These many dead, struck wherever they were found by the better-armed among us, inhabit every corner of the country. They are shot on either coast and in the heartland as well. The Bible Belt and the breadbasket alike have been treated to this unpleasant sight, accompanied by the lamentations of the grief-stricken, who forever remain shocked and startled, no matter how common these scenes become.
These shot persons are also not in any way selected by class or breeding or even age. Lately they have included persons aged as young as 6 and old as 50. The well-off are no better off than the not-so-well-off; when shot they become equally dead. In all the ways one classifies Americans nowadays -- age, race, gender, religion, wealth, sports affiliation -- nothing is singular about these dead but one thing: They are, much more often than not, unarmed.
Therefore the argument is far beyond the reach of any rebuttal that the number of the unarmed among us has grown unacceptably large -- this despite the recent reduction of their membership. A problem of this type and size cries out for a solution, which brings me to my proposal, which, though modest, will almost certainly be equal to the task of more drastically reducing the number of unarmed Americans than has been achieved by other means.
My proposal is this: We must, by the authority of the federal government -- acting perhaps through the agency of a trusted third party such as the National Rifle Association -- require the ownership and carriage of at least one (1) firearm by every United States citizen.
The first effect of this proposal is most attractive in its simplicity. The mere possession of a firearm instantly changes an unarmed citizen into an armed one, immediately reducing the number of the former and increasing the quantity of the latter, improving both the total number and proportion of each.
The second effect, while somewhat more complex, will nonetheless achieve indisputable results. As more citizens enjoy access to deadly force, the opportunity for conflict with these weapons will increase. It does not take a great thinker to understand that most such conflicts will be resolved to the disadvantage of the unarmed, which will further reduce their number. This effect is obviously less efficient than the first, but will nonetheless make a significant contribution.
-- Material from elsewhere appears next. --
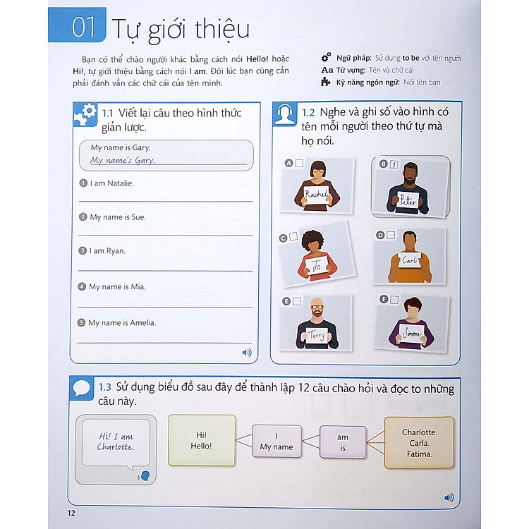 - Các bài tập giúp thực hành viết, đọc, nói và nghe một cách đơn giản.

My proposal will doubtless meet with some objections, mainly from people who promote among the public a sense of apprehension about the possibility of being shot. I assure the public that these unpleasant voices will be decreased as my proposal is implemented, and will, eventually, be quieted by those of us with greater wisdom.
As is always the case, especially among the conservative castes, the cost of such measures will raise troubling questions, in addition to the tag-along complaint about expanding the role of government. To the latter, I suggest that this proposal actually grants more individual power than it takes, and those who doubt it have never fired a Glock 9mm into a pumpkin. And for those who are thrifty, as we must confess the times require, I suggest that we use the tax code to assist citizens with their provisions. If it is moral to encourage the production of human children (which we now do through the mechanism of an $800 annual deduction per child) then it surely is moral to provide them with the means for their own defense. To do any less would be unthinkable.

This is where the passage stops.